Immigration to the United States of America
Mary Katherine Horony was born on November 7, 1850, in Pest, Hungary, the second oldest daughter of a Hungarian physician, Dr. Michael Harony. In 1860, Dr. Horony, his second wife Katharina, and his children left Hungary for the United States, ultimately reaching New York on board the ship Bremen in September 1860. Although no conclusive evidence or records exist, Dr. Horony was to accept a position as personal physician to Austrian-born Emperor, Maximilian I of Mexico. Many authors have stated, without proof, that Harony left Mexico in 1863 with his family long before the crumble of Maximilian's rule. However, the family settled in a predominantly German area of Davenport, Iowa, in 1862. Horony and his wife both died in 1865 within a month of one another. Mary Katherine and her younger siblings were placed in the home of her brother in law, Gustav Susemihl, and in 1870, they were left in the care of attorney Otto Smith.
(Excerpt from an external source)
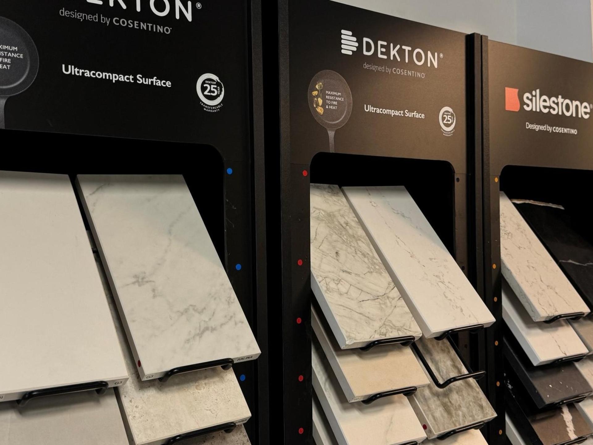 Une matériauthèque complète : façades, poignées, plans de travail, crédences ;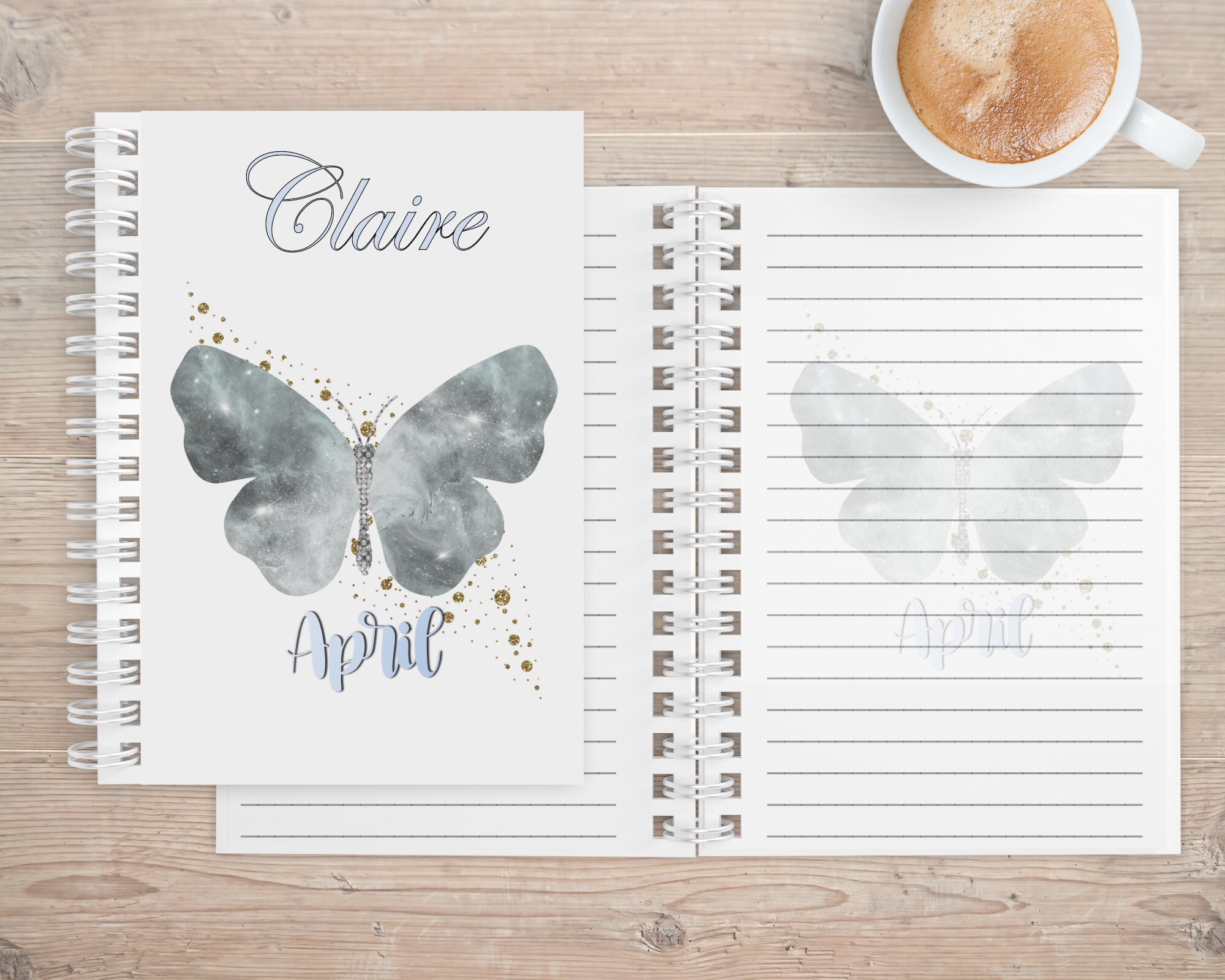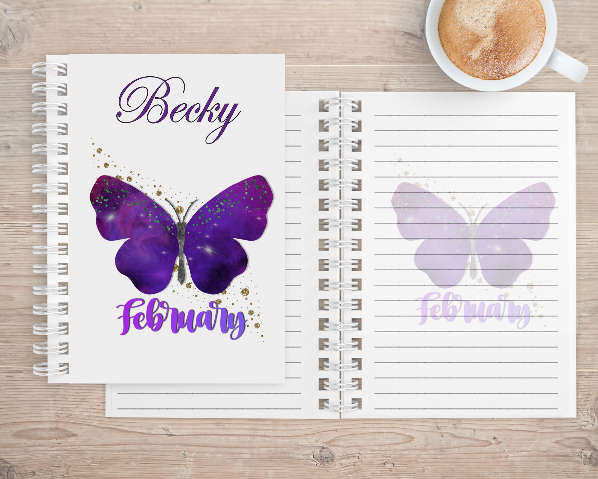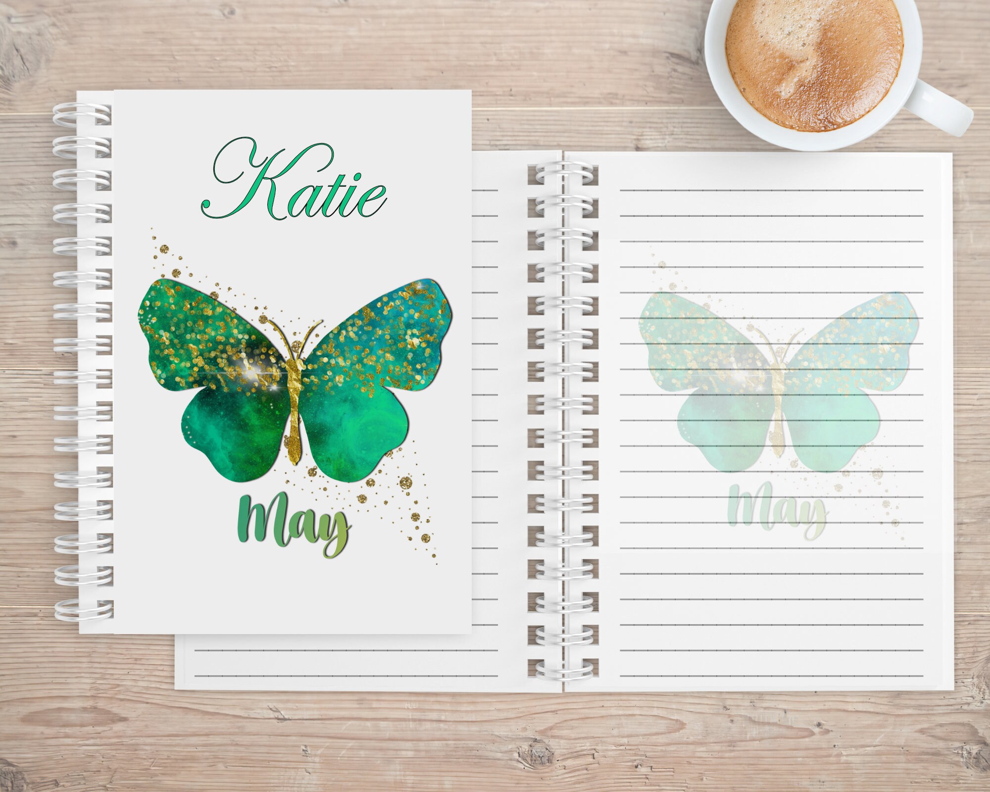 The notebook is available with image of Butterfly and birth month inlaid on either 1 side or both sides.

The 1870 United States Census records for Davenport, Iowa, show Kate's younger sister, Wilhemina (Wilma), living with and working as a domestic for Austrian-born David Palter and his Hungarian wife Betty when Wilhemina was 15 years old.
St. Louis and Dodge City
At age 16, Kate ran away from her foster home and is reported to have stowed away on a riverboat bound for St. Louis, Missouri. While in St. Louis, Kate claimed she married a dentist named "Silas Melvin" and that the two had a son. Subsequently, both husband and son were said to have died of Yellow Fever. No record currently proves the marriage, birth of a child, or the deaths of either Melvin or the child. What is known through United States Census records is that a Silas Melvin lived in St. Louis in the mid-1860s, but was married to a steamship captain's daughter named Mary Bust. The census further show Melvin's occupation to be an employee of a St. Louis asylum. Since it is during the early 1870s that Kate met Doc Holliday, there is speculation that she may have confused the two and their occupations when recalling the facts later in her life.
By 1874, Kate had left St. Louis and made her way to Dodge City, Kansas, where she was known as "Kate Elder." It is alleged that she and another woman were fined for working as "sporting women" in a sporting house run by Bessie Earp, wife of James Earp. Through the years, a number of historians and biographers have labeled Kate as a prostitute. To date, there is no substantial proof that this was ever the case.
Doc Holliday and the OK Corral
In 1876, Kate had moved to Fort Griffin, Texas where she met Wyatt Earp and began her long-time involvement with Doc Holliday. Doc had once stated he considered Kate to be his intellectual equal.
Wyatt Earp, in the controversial Stuart Lake biography Wyatt Earp: Frontier Marshal tells a colorful tale of Kate helping Holliday escape lawmen in Fort Griffin, by setting fire to a shed, but there is no other historical evidence for this tale. Kate acknowledged the story but did not admit its truth.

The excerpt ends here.